> [What is expected] Look below for the lines from the one with "左から時計回りに、あんまり見" to the one with "Wechselmotiv Textil |", and copy exactly those lines, both ends included.

> [Input data]

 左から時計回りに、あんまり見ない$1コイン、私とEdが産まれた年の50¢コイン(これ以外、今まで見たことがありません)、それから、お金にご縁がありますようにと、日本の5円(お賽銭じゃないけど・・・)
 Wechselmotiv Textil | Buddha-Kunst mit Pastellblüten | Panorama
---
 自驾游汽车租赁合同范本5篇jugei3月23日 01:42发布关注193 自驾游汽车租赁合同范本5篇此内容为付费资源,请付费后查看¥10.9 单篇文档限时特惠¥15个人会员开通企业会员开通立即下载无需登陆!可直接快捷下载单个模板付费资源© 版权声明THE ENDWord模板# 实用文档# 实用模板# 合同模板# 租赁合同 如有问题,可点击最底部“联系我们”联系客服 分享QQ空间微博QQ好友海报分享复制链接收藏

> [Response area]
 左から時計回りに、あんまり見ない$1コイン、私とEdが産まれた年の50¢コイン(これ以外、今まで見たことがありません)、それから、お金にご縁がありますようにと、日本の5円(お賽銭じゃないけど・・・)
 Wechselmotiv Textil | Buddha-Kunst mit Pastellblüten | Panorama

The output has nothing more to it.